After adjusting for age, gender, ethnicity, donor type, lymphodepleting agent induction and DGF patients with cTMA had a significant increase in the hazard risk of allograft failure in the first-year post-transplant, aHR: 6.37 (95% CI: 2.17 to18.68, P = 0.001). However, the aHR decreased by 0.87 (95% CI: 0.76 to 0.99, P = 0.033) per year elapsed since transplantation, Table 3. By the end of the study’s time, there were no statistical differences in the allograft survival between the two groups, Fig. 2. Among the 132 patients who contributed to the survival analyses, 97 (87%) in the dnTMA and 13 (65%) in the cTMA receive a TMA diagnosis in the post-transplant biopsy report (P = 0.044).

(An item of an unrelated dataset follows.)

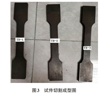 拉伸試件從本材上取樣,尺寸參考GB/T 228.1-2010《金屬材料拉伸試驗(yàn)第1部分:室溫試驗(yàn)方法》[8]確定,見圖1。試件長(zhǎng)度300mm。共設(shè)計(jì)三個(gè)相同的復(fù)合比,編號(hào)分別為TB-1、TB-2、TB-3。鋼材基層厚度10mm,鈦層厚度2mm。試件尺寸設(shè)計(jì)見圖2。切割成型后的試件見圖3。

Fig. 2 — Time-varying adjusted hazard ratio (HR) of transplant failure (death or end-stage kidney disease, ESKD) of patients with cTMA compared to dnTMA. The hazard ratio is highest shortly after transplantation, and then decreases with time. The model is adjusted for age, gender, ethnicity, donor type, induction with lymphodepleting agents, DGF, eculizumab use (any time), and biopsy diagnosis (time-varying cumulative sum). The line represents the hazard ratio estimates, the blue shaded area represents the 95 percent confidence interval; cTMA, complement-mediated thrombotic microangiopathy

HR associated with dnTMA as time-varying variable biopsy diagnosis showed a relative 87% increase in rate of transplant failure which was, however, only of borderline statistical significance (aHR: 1.87 [95%CI: 0.83 to 4.23; P = 0.134). On the contrary, cTMA was associated with a striking increase in early transplant failure. The increase in the rate of early transplant failure associated with cTMA did not depend on whether or not there was a biopsy diagnosis of TMA recurrence in cTMA patients. In fact, the HR associated with biopsy-proven recurrence in the cTMA did not differ between cTMA that had biopsy-proven recurrence and those who did not have biopsy-proven recurrence: HR in cTMA with no biopsy-proven recurrence: 8.18 [95%CI: 1.69 to 39.66; P = 0.009]; HR in cTMA with biopsy-proven recurrence: 5.56 [95%CI: 1.77 to 17.52; P = 0.003]; difference between the two HRs (test for interaction): P = 0.629. The reason why biopsy-proven recurrence did not apparently affect the transplant failure rate within the cTMA group is likely related to the fact that, within the cTMA group, there were recurrences that occurred shortly post-transplantation and that we did not record as such because they were non documented by a biopsy.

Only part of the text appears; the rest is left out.